■ Data items

◇ ◇ ◇ ◇ ◇

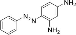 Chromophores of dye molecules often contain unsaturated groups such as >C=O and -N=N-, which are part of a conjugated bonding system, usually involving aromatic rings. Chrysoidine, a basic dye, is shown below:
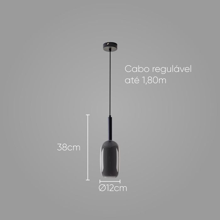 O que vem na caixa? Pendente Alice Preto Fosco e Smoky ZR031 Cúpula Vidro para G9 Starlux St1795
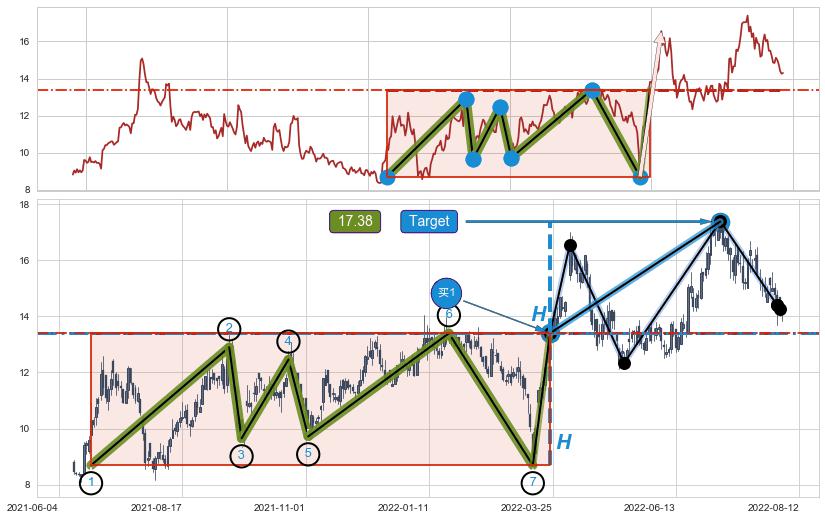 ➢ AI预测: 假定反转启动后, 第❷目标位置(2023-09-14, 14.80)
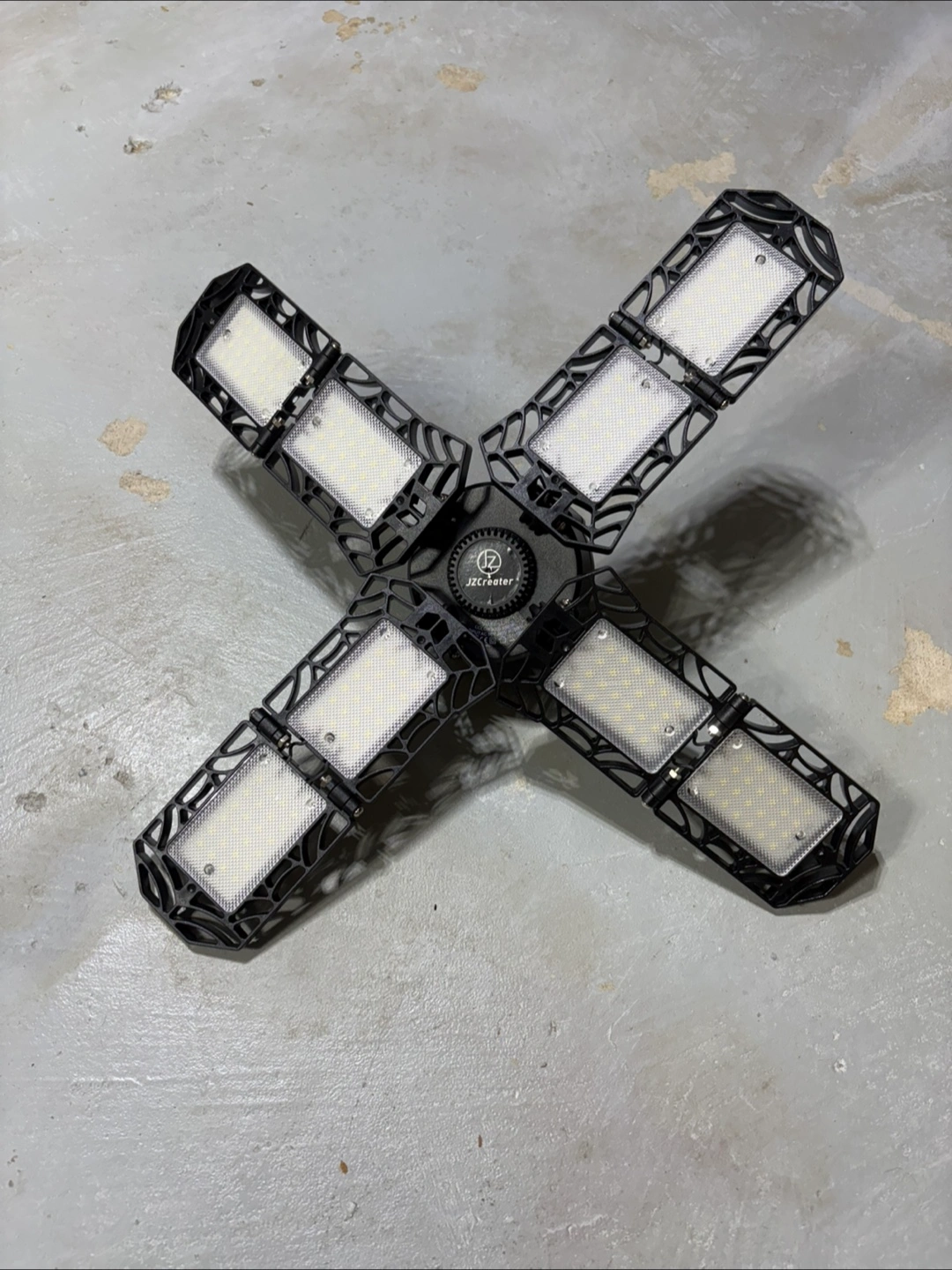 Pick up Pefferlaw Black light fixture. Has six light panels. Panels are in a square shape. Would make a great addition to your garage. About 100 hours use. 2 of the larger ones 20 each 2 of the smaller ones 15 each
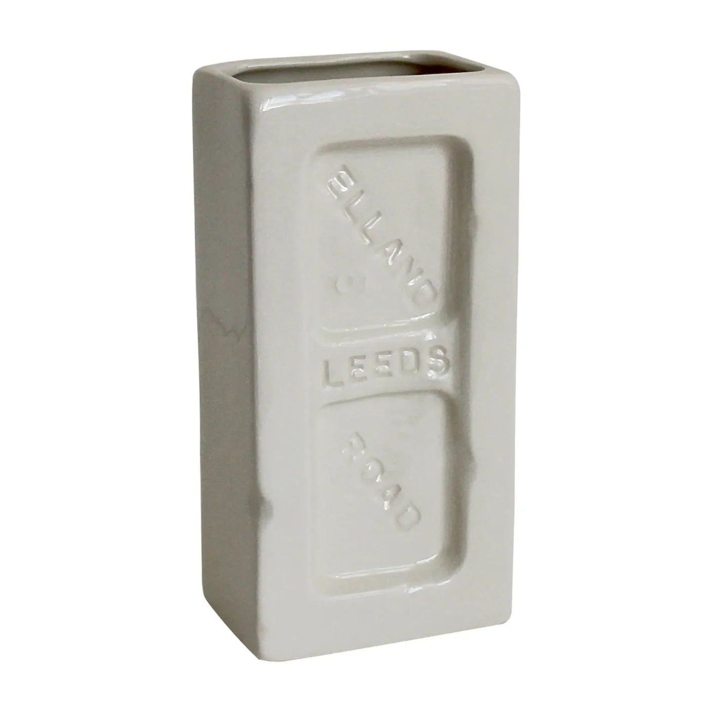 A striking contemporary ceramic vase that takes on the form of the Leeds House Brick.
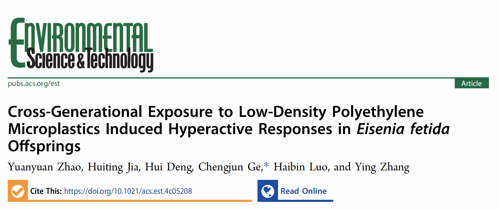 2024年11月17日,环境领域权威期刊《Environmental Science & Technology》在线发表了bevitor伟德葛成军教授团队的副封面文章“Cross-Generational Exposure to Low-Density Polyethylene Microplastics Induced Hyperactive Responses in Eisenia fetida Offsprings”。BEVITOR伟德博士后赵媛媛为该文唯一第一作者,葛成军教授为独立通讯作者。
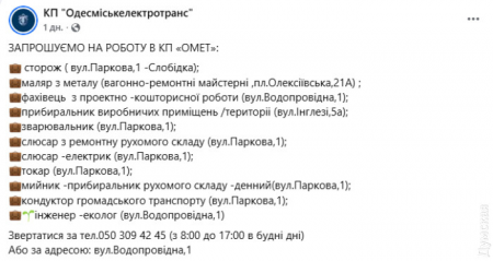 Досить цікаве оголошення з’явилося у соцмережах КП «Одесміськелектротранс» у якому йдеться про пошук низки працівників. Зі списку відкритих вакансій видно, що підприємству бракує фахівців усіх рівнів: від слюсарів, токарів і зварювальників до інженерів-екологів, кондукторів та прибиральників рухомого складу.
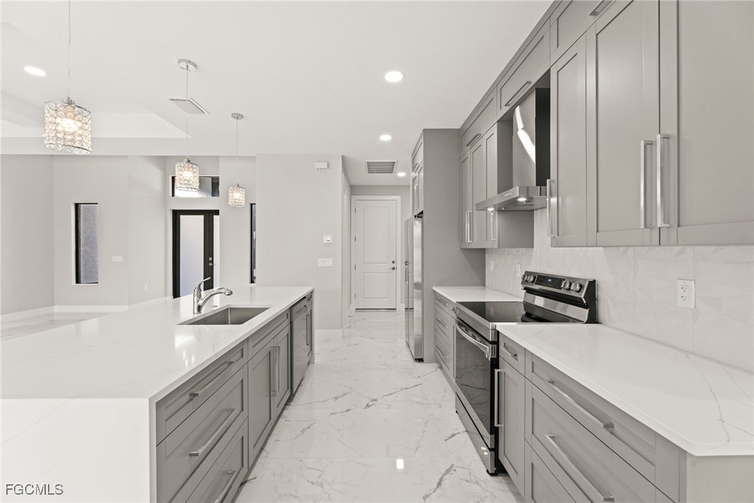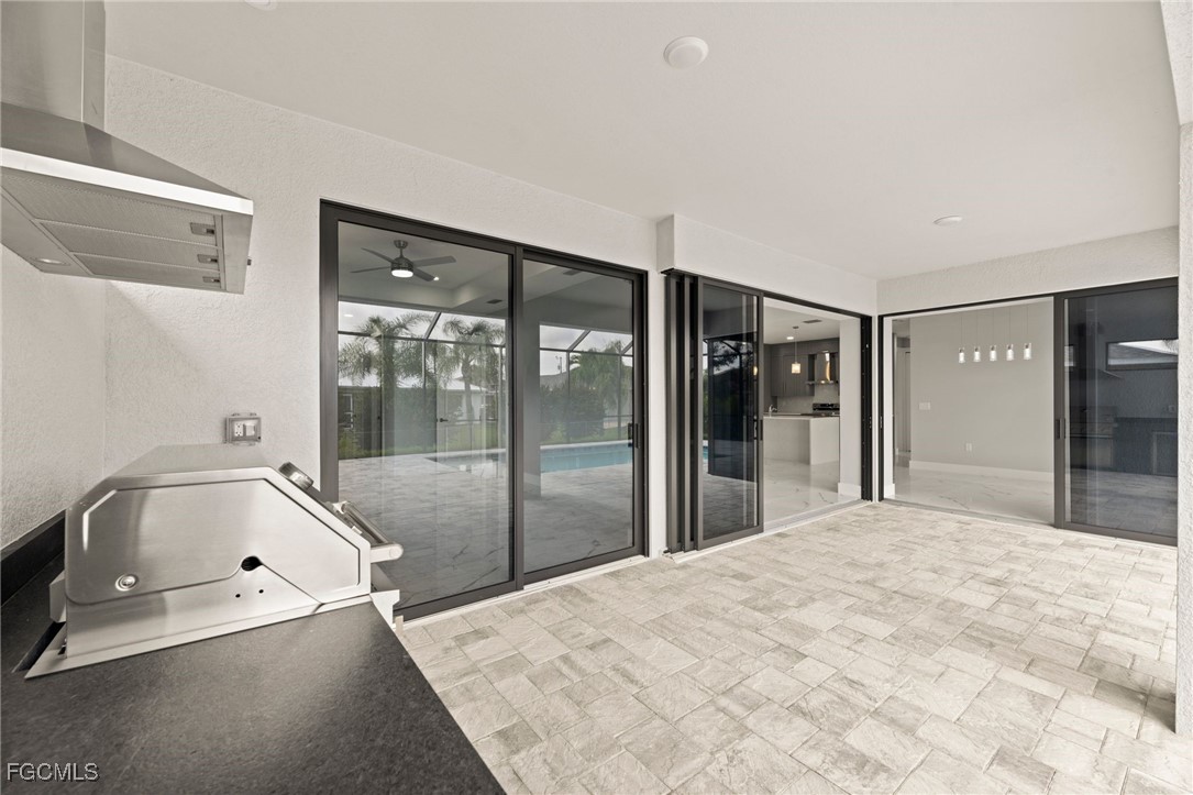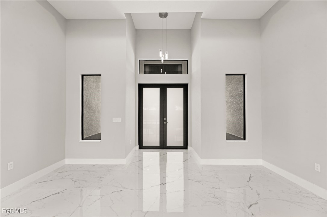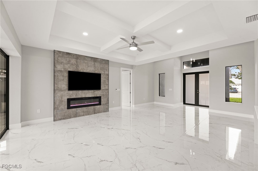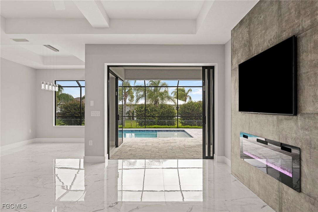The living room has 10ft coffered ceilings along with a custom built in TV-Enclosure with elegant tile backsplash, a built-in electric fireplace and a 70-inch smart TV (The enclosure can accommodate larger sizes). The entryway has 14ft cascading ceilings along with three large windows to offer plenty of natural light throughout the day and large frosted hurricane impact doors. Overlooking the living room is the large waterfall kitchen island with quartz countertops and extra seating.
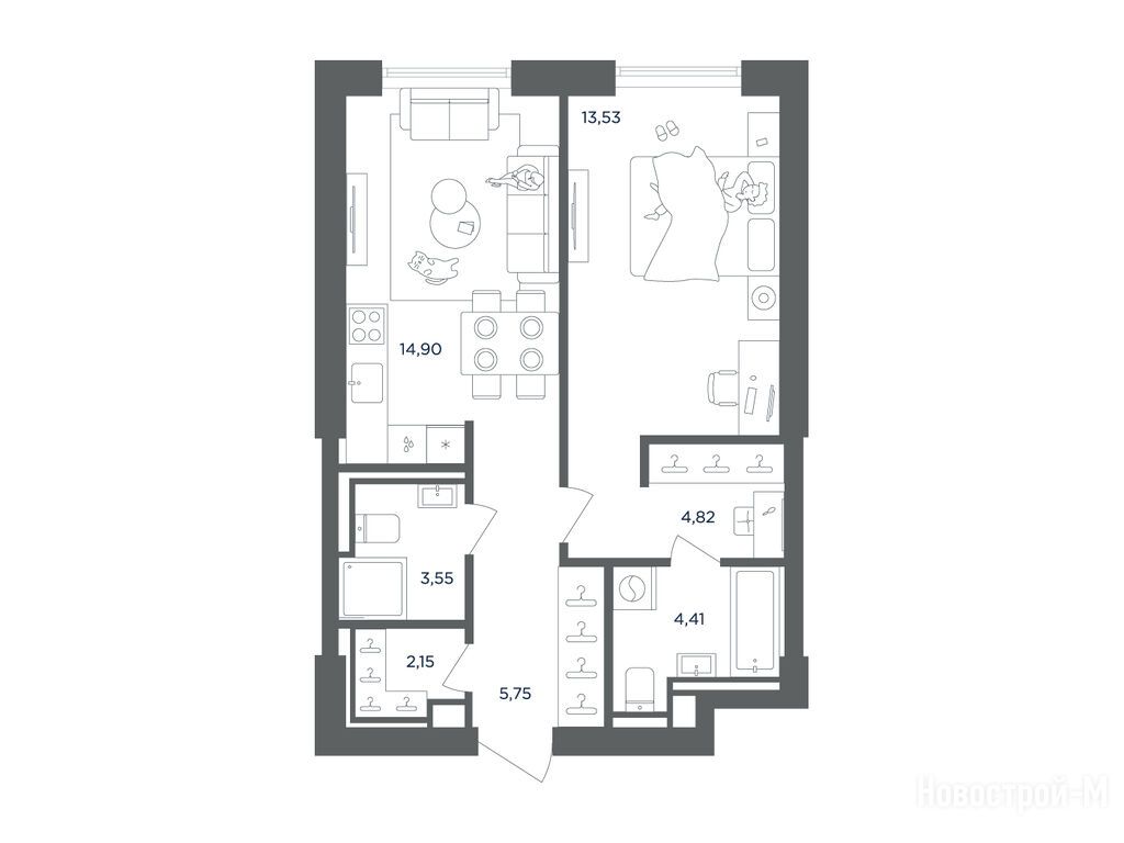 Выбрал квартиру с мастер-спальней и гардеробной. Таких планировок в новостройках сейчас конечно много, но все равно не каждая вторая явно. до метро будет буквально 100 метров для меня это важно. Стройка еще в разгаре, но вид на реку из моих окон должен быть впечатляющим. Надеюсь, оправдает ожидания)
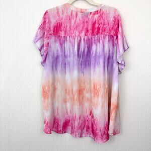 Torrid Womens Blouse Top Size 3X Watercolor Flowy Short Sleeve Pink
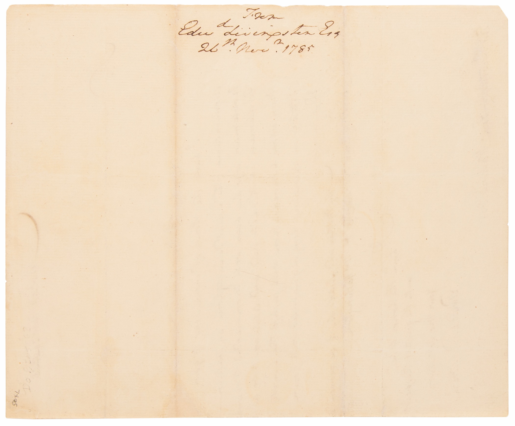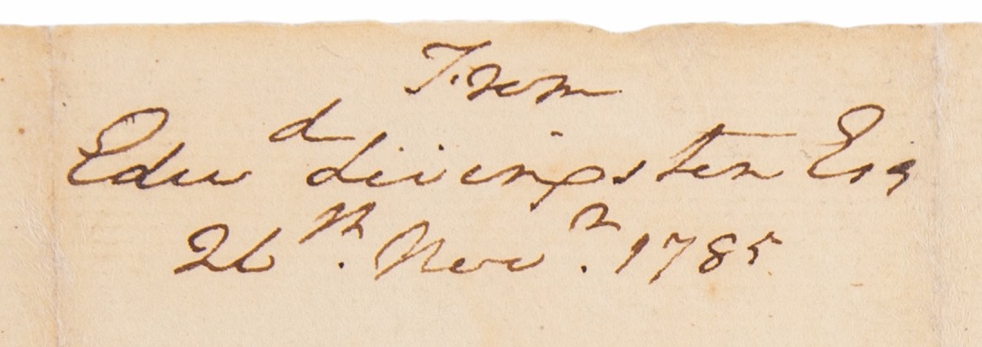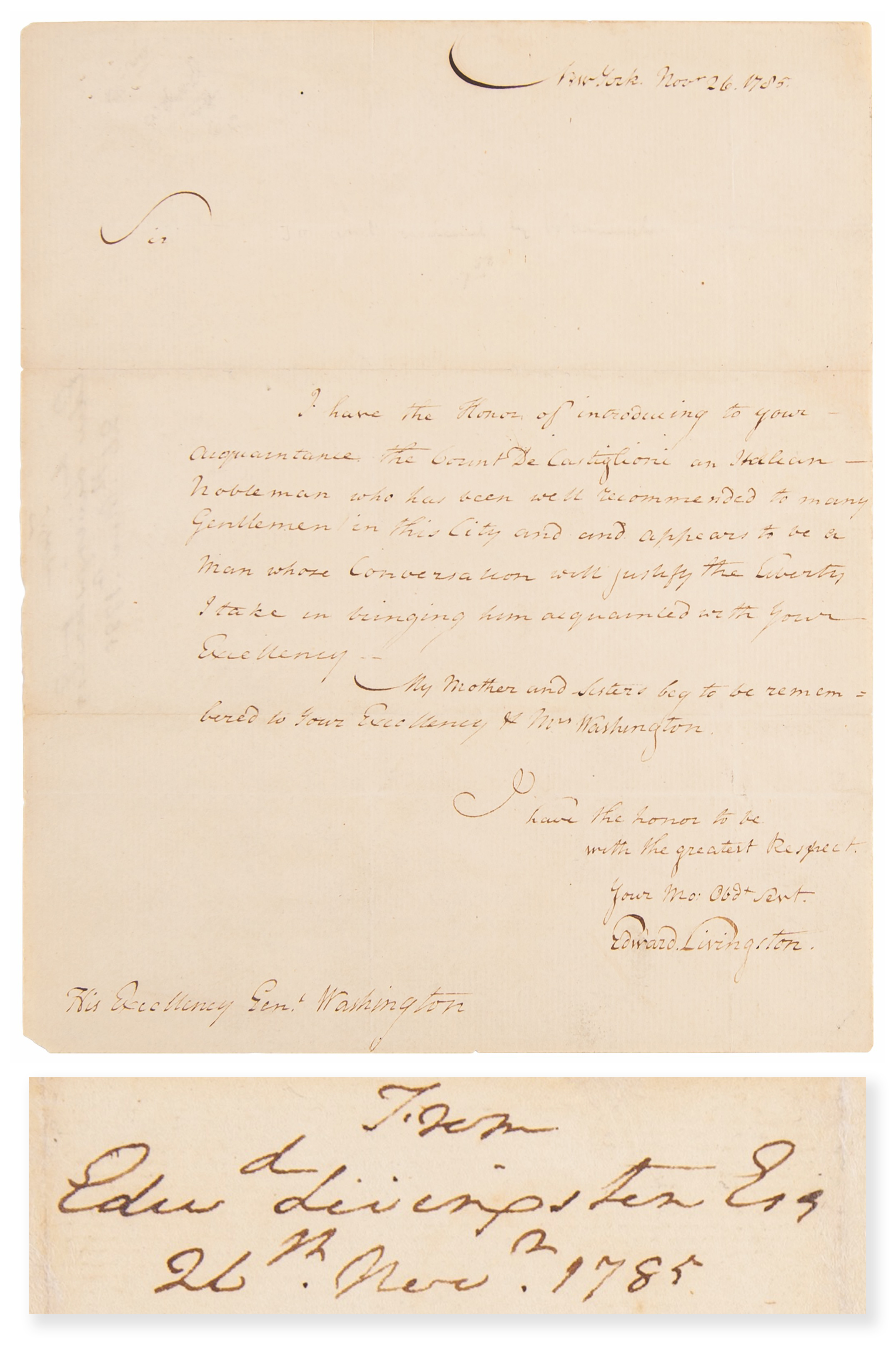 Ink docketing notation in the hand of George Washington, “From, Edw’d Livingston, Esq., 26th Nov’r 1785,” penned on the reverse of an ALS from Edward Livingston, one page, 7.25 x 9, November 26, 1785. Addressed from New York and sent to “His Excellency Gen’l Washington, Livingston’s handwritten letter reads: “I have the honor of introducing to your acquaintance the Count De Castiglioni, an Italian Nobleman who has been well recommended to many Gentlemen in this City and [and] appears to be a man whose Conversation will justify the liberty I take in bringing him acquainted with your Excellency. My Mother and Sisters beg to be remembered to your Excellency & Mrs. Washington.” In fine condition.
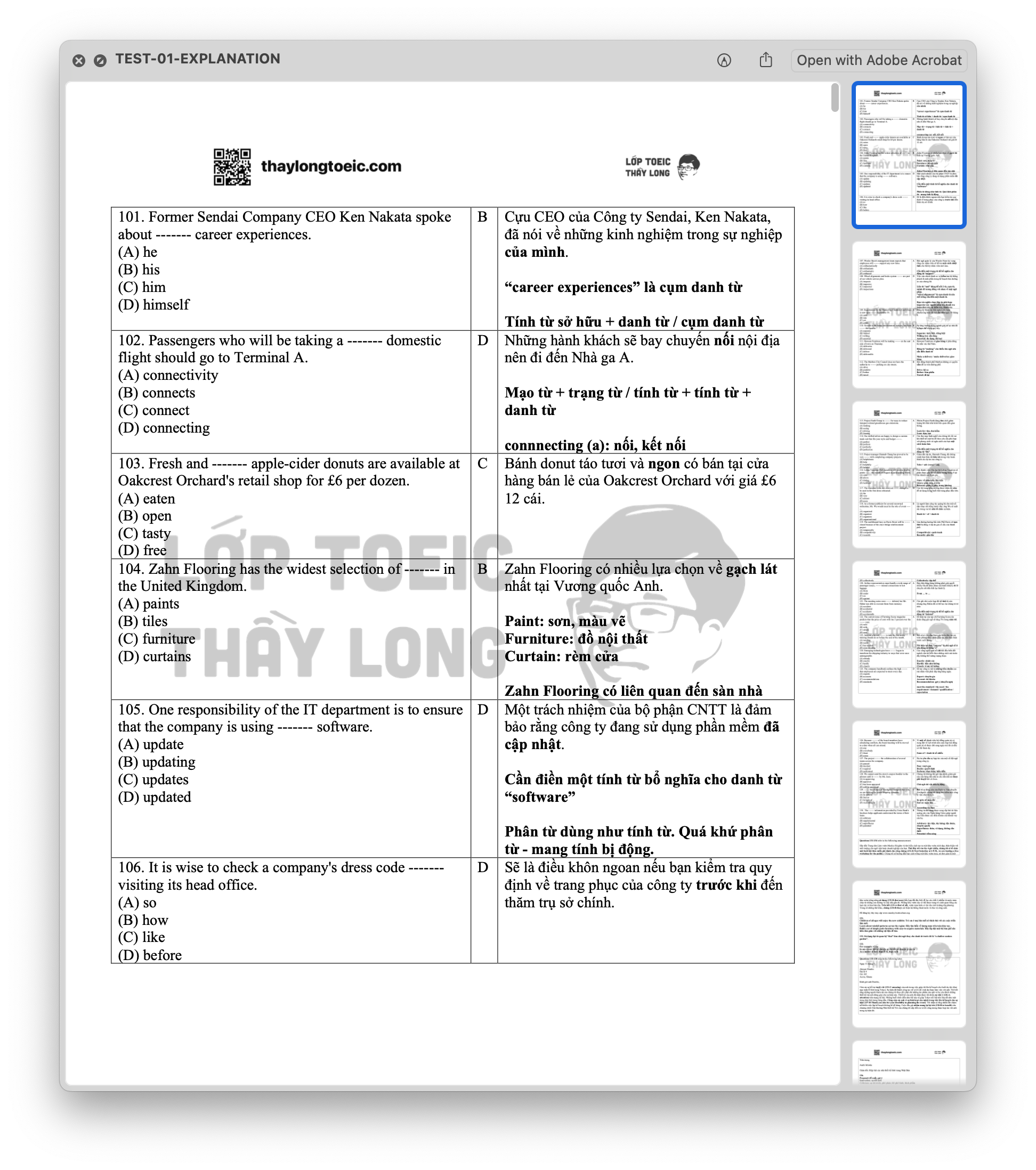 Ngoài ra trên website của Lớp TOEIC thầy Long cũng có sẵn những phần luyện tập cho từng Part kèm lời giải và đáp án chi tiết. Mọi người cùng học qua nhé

◇ ◇ ◇ ◇ ◇

■ Task goal
Through the line containing "Torrid Womens Blouse" and no further, restate the data above word for word from its first line, leaving out pictures.

■ Exercise solution
 Chromophores of dye molecules often contain unsaturated groups such as >C=O and -N=N-, which are part of a conjugated bonding system, usually involving aromatic rings. Chrysoidine, a basic dye, is shown below:
 O que vem na caixa? Pendente Alice Preto Fosco e Smoky ZR031 Cúpula Vidro para G9 Starlux St1795
 ➢ AI预测: 假定反转启动后, 第❷目标位置(2023-09-14, 14.80)
 Pick up Pefferlaw Black light fixture. Has six light panels. Panels are in a square shape. Would make a great addition to your garage. About 100 hours use. 2 of the larger ones 20 each 2 of the smaller ones 15 each
 A striking contemporary ceramic vase that takes on the form of the Leeds House Brick.
 2024年11月17日,环境领域权威期刊《Environmental Science & Technology》在线发表了bevitor伟德葛成军教授团队的副封面文章“Cross-Generational Exposure to Low-Density Polyethylene Microplastics Induced Hyperactive Responses in Eisenia fetida Offsprings”。BEVITOR伟德博士后赵媛媛为该文唯一第一作者,葛成军教授为独立通讯作者。
 Досить цікаве оголошення з’явилося у соцмережах КП «Одесміськелектротранс» у якому йдеться про пошук низки працівників. Зі списку відкритих вакансій видно, що підприємству бракує фахівців усіх рівнів: від слюсарів, токарів і зварювальників до інженерів-екологів, кондукторів та прибиральників рухомого складу.
The living room has 10ft coffered ceilings along with a custom built in TV-Enclosure with elegant tile backsplash, a built-in electric fireplace and a 70-inch smart TV (The enclosure can accommodate larger sizes). The entryway has 14ft cascading ceilings along with three large windows to offer plenty of natural light throughout the day and large frosted hurricane impact doors. Overlooking the living room is the large waterfall kitchen island with quartz countertops and extra seating.
 Выбрал квартиру с мастер-спальней и гардеробной. Таких планировок в новостройках сейчас конечно много, но все равно не каждая вторая явно. до метро будет буквально 100 метров для меня это важно. Стройка еще в разгаре, но вид на реку из моих окон должен быть впечатляющим. Надеюсь, оправдает ожидания)
 Torrid Womens Blouse Top Size 3X Watercolor Flowy Short Sleeve Pink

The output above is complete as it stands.